Google’s one-year-old cybersecurity venture Chronicle today announced its first commercial product, called Backstory, a cloud-based enterprise-level threat analytics platform that has been designed to help companies quickly investigate incidents, pinpoint vulnerabilities and hunt for potential threats.
Network infrastructures at most enterprises regularly generate enormous amounts of network data and logs on a daily basis that can be helpful to figure out exactly what happened when a security incident occurs.
However, unfortunately, most companies either don’t collect the right telemetry or even when they do, it’s practically impossible for them to retain that telemetry for more than a week or two, making analysts blind if any security incident happens before that.

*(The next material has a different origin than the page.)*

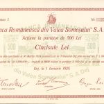 Banca Românească din Valea Someșului SA Dej, Emisiunea I, 1925, acțiune la purtător de 500 lei.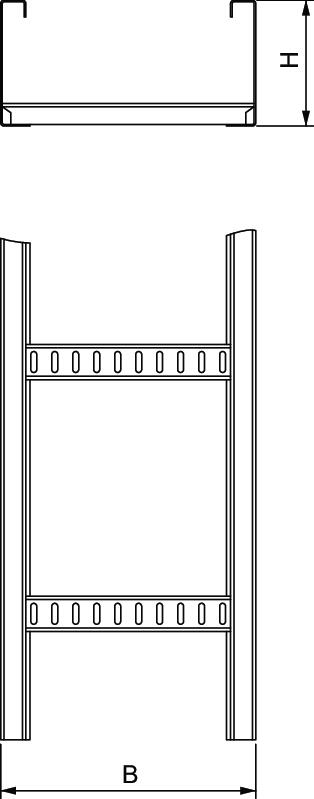Dimension 6000x200x150 Dimension B 200 mm Height 150 mm Length 6000 mm Material Steel Rail thickness 2 mm Rung distance 300 mm Support spacing 5.0 m 1,8 kN/m Support spacing 6.0 m 1,4 kN/m Support spacing 7.0 m 1 kN/m Support spacing 8.0 m 0,7 kN/m Surface Hot-dip galvanised Width 200 mm Technical data

Backstory solves this problem by allowing organisations to privately upload and store their petabytes of “internal security telemetry” on Google cloud platform and leverage machine learning and data analytics technologies to monitor and analyse it efficiently to detect and investigate any potential threat from a unified dashboard.
“Backstory normalises, indexes, and correlates the data, against itself and against third party and curated threat signals, to provide instant analysis and context regarding risky activity,” Alphabet subsidiary Chronicle said in a blog post.
“With Backstory, our analyst would know, in less than a second, every device in the company that communicated with any of these domains or IP addresses, ever.”
Just like SIEM solutions, Backstory converts log data—such as DNS traffic, NetFlow, endpoint logs, proxy logs—into meaningful, quickly searchable and actionable information to help companies gain insights into digital threats and attacks on their networks, but at scale to offer a more complete picture of the threat landscape.